Top of Data excerpts

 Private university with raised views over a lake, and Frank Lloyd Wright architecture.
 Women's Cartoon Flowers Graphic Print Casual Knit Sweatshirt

Bottom of Data excerpts
Top of Data excerpts

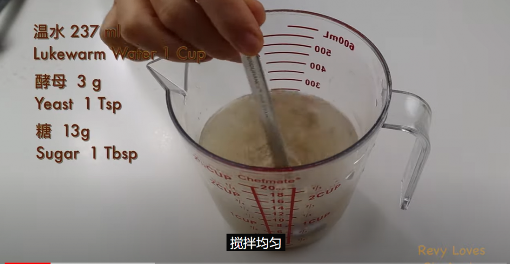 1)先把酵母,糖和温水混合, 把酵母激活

Bottom of Data excerpts

(Exercise brief) Going down the listing above, begin printing at the line with "Private university with" and finish with the line with "Women's Cartoon Flowers", exactly as they appear.

(Reply)
 Private university with raised views over a lake, and Frank Lloyd Wright architecture.
 Women's Cartoon Flowers Graphic Print Casual Knit Sweatshirt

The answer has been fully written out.